**TO DO:** Go to the line with "גייזר של מים" in the entries below and write out every line from there through the line with "薄 伽 梵 智 及 维", exactly and without pictures.

**AVAILABLE DATA:**

==========

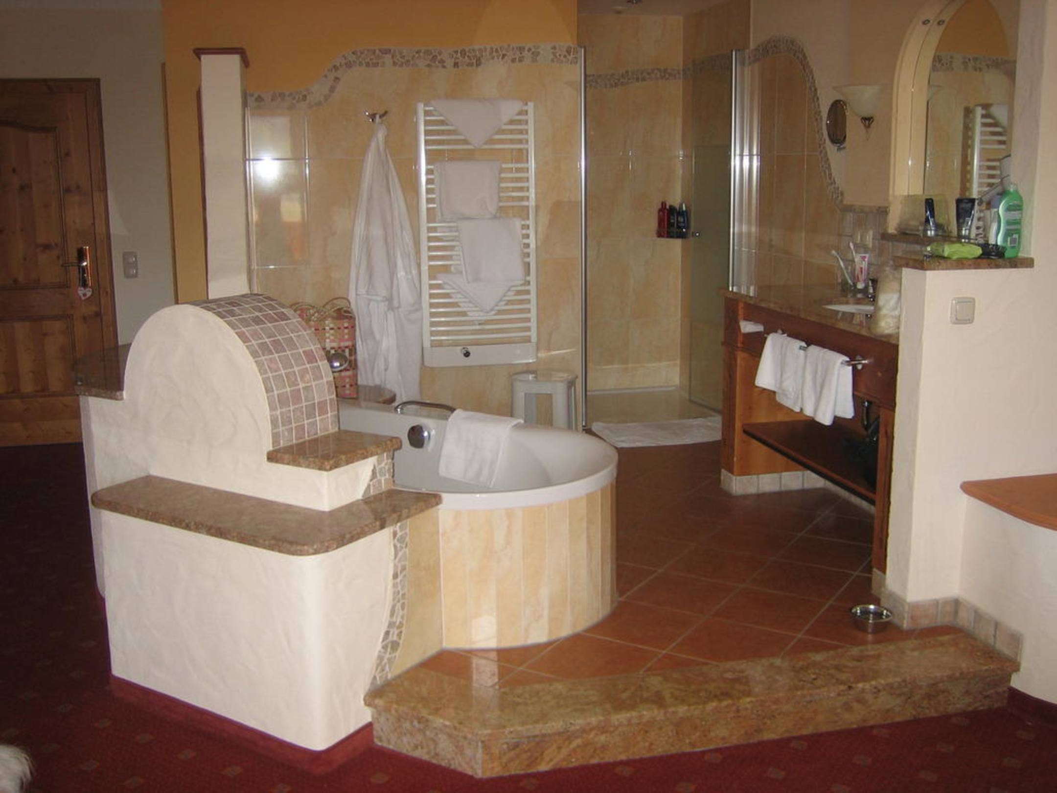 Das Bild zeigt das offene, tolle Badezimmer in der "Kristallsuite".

==========

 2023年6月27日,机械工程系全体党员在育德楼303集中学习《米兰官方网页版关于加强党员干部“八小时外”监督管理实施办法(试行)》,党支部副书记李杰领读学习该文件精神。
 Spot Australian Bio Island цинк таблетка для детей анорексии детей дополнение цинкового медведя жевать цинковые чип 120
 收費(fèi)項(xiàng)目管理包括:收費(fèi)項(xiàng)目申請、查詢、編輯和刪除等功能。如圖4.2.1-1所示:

==========

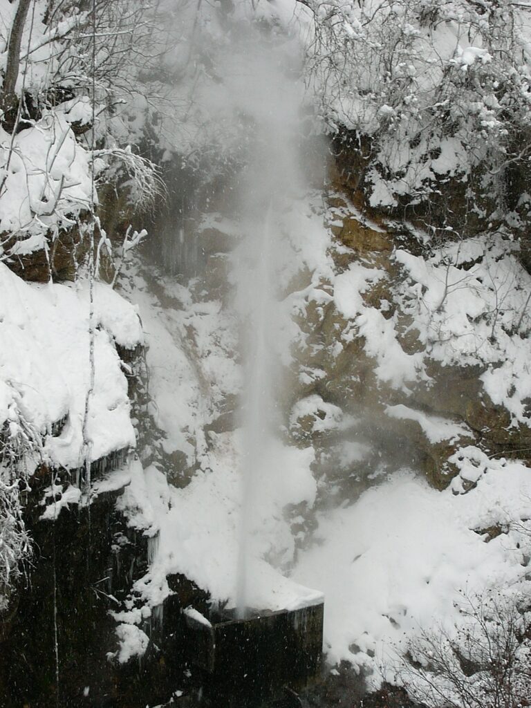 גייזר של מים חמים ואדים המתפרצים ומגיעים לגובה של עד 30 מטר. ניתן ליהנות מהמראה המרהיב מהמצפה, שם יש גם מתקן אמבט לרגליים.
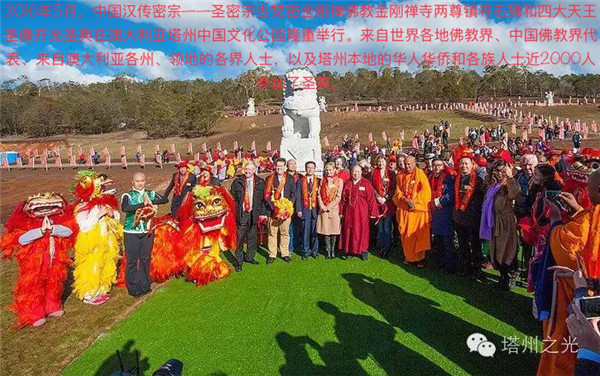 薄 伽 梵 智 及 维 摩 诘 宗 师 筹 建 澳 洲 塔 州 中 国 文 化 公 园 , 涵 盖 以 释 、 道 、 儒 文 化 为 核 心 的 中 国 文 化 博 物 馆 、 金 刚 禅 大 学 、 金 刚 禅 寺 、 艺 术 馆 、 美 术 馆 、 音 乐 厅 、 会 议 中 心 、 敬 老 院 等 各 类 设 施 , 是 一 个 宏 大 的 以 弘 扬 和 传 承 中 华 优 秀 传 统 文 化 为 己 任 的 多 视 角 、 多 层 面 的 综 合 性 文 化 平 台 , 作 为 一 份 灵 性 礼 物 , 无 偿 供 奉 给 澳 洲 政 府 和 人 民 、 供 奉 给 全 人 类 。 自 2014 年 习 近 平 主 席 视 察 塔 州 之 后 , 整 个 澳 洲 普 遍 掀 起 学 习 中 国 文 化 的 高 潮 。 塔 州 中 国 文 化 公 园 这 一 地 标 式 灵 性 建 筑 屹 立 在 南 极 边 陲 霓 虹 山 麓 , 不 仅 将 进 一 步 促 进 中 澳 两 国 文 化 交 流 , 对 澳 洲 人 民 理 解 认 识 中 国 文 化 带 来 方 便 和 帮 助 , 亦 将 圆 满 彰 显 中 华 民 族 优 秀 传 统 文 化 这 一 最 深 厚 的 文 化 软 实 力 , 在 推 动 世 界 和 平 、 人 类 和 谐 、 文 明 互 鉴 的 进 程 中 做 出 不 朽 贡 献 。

==========

**YOUR SOLUTION:**
 גייזר של מים חמים ואדים המתפרצים ומגיעים לגובה של עד 30 מטר. ניתן ליהנות מהמראה המרהיב מהמצפה, שם יש גם מתקן אמבט לרגליים.
 薄 伽 梵 智 及 维 摩 诘 宗 师 筹 建 澳 洲 塔 州 中 国 文 化 公 园 , 涵 盖 以 释 、 道 、 儒 文 化 为 核 心 的 中 国 文 化 博 物 馆 、 金 刚 禅 大 学 、 金 刚 禅 寺 、 艺 术 馆 、 美 术 馆 、 音 乐 厅 、 会 议 中 心 、 敬 老 院 等 各 类 设 施 , 是 一 个 宏 大 的 以 弘 扬 和 传 承 中 华 优 秀 传 统 文 化 为 己 任 的 多 视 角 、 多 层 面 的 综 合 性 文 化 平 台 , 作 为 一 份 灵 性 礼 物 , 无 偿 供 奉 给 澳 洲 政 府 和 人 民 、 供 奉 给 全 人 类 。 自 2014 年 习 近 平 主 席 视 察 塔 州 之 后 , 整 个 澳 洲 普 遍 掀 起 学 习 中 国 文 化 的 高 潮 。 塔 州 中 国 文 化 公 园 这 一 地 标 式 灵 性 建 筑 屹 立 在 南 极 边 陲 霓 虹 山 麓 , 不 仅 将 进 一 步 促 进 中 澳 两 国 文 化 交 流 , 对 澳 洲 人 民 理 解 认 识 中 国 文 化 带 来 方 便 和 帮 助 , 亦 将 圆 满 彰 显 中 华 民 族 优 秀 传 统 文 化 这 一 最 深 厚 的 文 化 软 实 力 , 在 推 动 世 界 和 平 、 人 类 和 谐 、 文 明 互 鉴 的 进 程 中 做 出 不 朽 贡 献 。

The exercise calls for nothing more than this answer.